I currently have a .wav signal that was recorded at a 48 kHz sample rate, with a central frequency of 5.260 MHz and bandwidth of 4 kHz. I'm trying to get some information from this signal, specifically the location of the frequency peaks using matlab, which I would expect to be around 5.260 MHz. The code I'm using to generate the power spectral density is as follows:
path = '5.260MHz.wav';
f0 = 5.260e6; % frequency 5.260 MHz
% sample properties
[x, Fs] = wavread(path); % Fs = 48 kHz
alias = 48e3*floor(f0/48e3); % starting frequency of target alias
%estimate spectrum
[psd, f] = pwelch(x, 512, [], [], Fs);
% If the frequency lies in one of the mirror frequency bands,
% we have to rotate about half the sample rate.
if (mod(f0, 48e3) > 24e3)
f = Fs - f;
end
plot(f + alias, psd)
This script produces the following plot
The bandwidth does seem to be 4 kHz as expected, but the frequency peaks appear to be in the wrong place. I would expect them to occur between 5.256 and 5.264 MHz, or maybe 5.258 and 5.262 MHz, not between 5.276 and 5.280 MHz.

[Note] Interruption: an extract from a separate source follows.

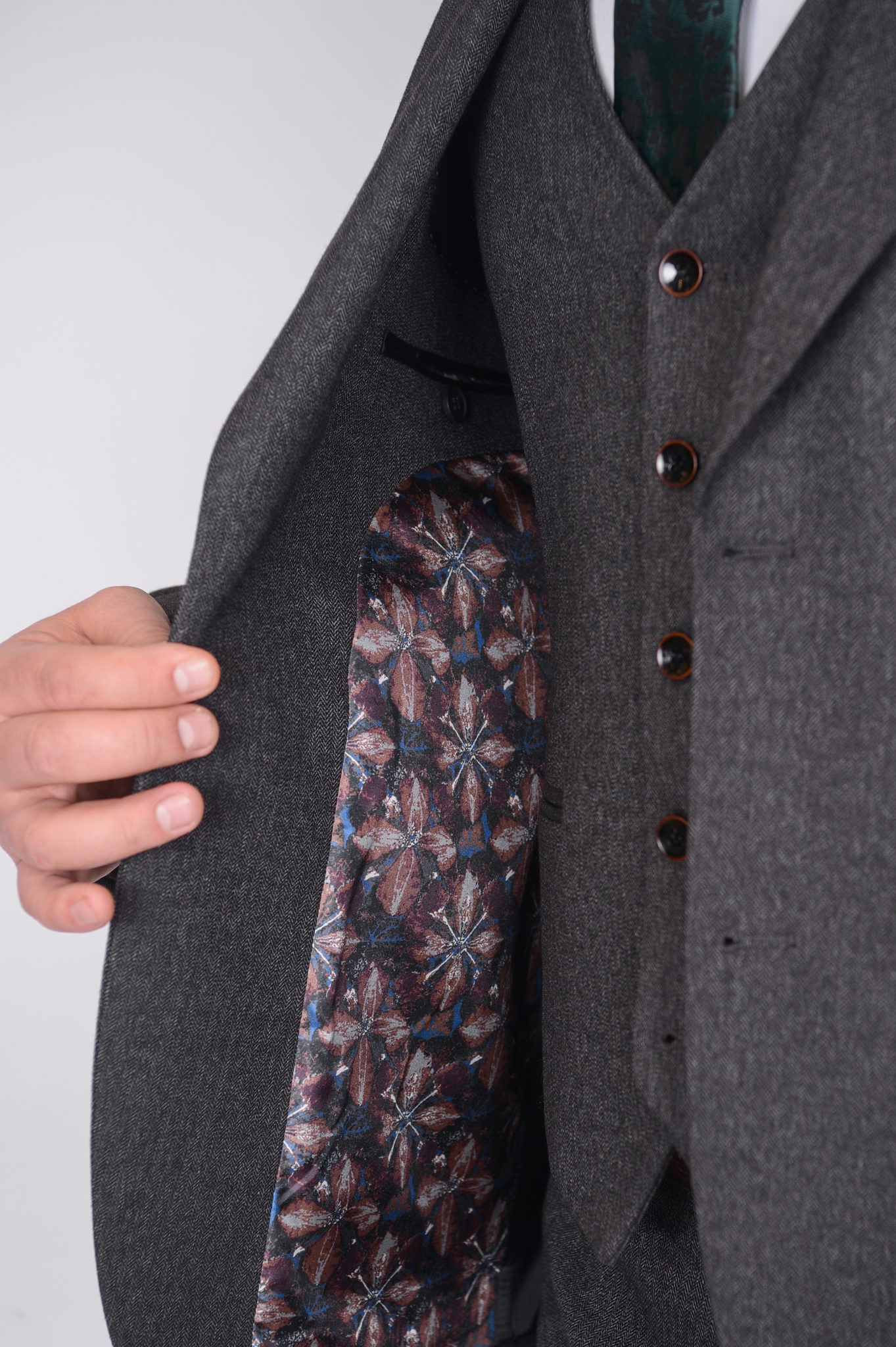 Костюм-тройка изумрудного цвета в клетку
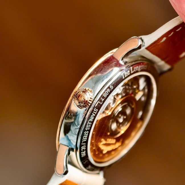 Không chỉ dừng lại ở vẻ ngoài, Longines L4.809.5 còn gây ấn tượng với bộ máy vận hành bên trong. Đồng hồ được trang bị bộ máy automatic chất lượng cao, mang lại độ chính xác ổn định và khả năng hoạt động bền bỉ. Đây là yếu tố quan trọng giúp Longines duy trì vị thế của mình trong ngành công nghiệp đồng hồ Thụy Sĩ suốt nhiều thập kỷ. Khả năng trữ cót tốt giúp người dùng yên tâm sử dụng mà không cần lên dây cót thường xuyên, mang lại sự tiện lợi tối đa trong cuộc sống hàng ngày.

However, when I generated my own files with the same central frequency and bandwidth, I got the following when I ran the above script:
% signal properties
f0 = 5.260e6; % frequency 5.260 MHz
sf = 4e3; % bandwidth 4 kHz
% sample properties
fs = 24e6; % sampling frequency 24 MHz
N = 10e6; % number of samples
% generate random frequency modulated sinusoidal signal
fi = smooth(randn(N, 1), 11);
fi = fi / std(fi) * sf + f0;
x = cos(2 * pi * cumsum(fi) / fs);
% downsample to 48 kHz (factor 500)
x = x(1 :500: end);
fs = fs / 500;
wavwrite(x, fs, 'test_5.260MHz.wav');
This plot is exactly as expected, using the same script as the first plot. I'm wondering if I should be treating the first input different in some way to have it graphed correctly.
So far I've tried testing some other generated cosine signals using the same code as above, and they all graph correctly. However, every data signal I've tried has been off to some degree (I can post different sample plots if that would be useful). It could be an error with the data collection instrument, but it's far more likely to be a bug in my code.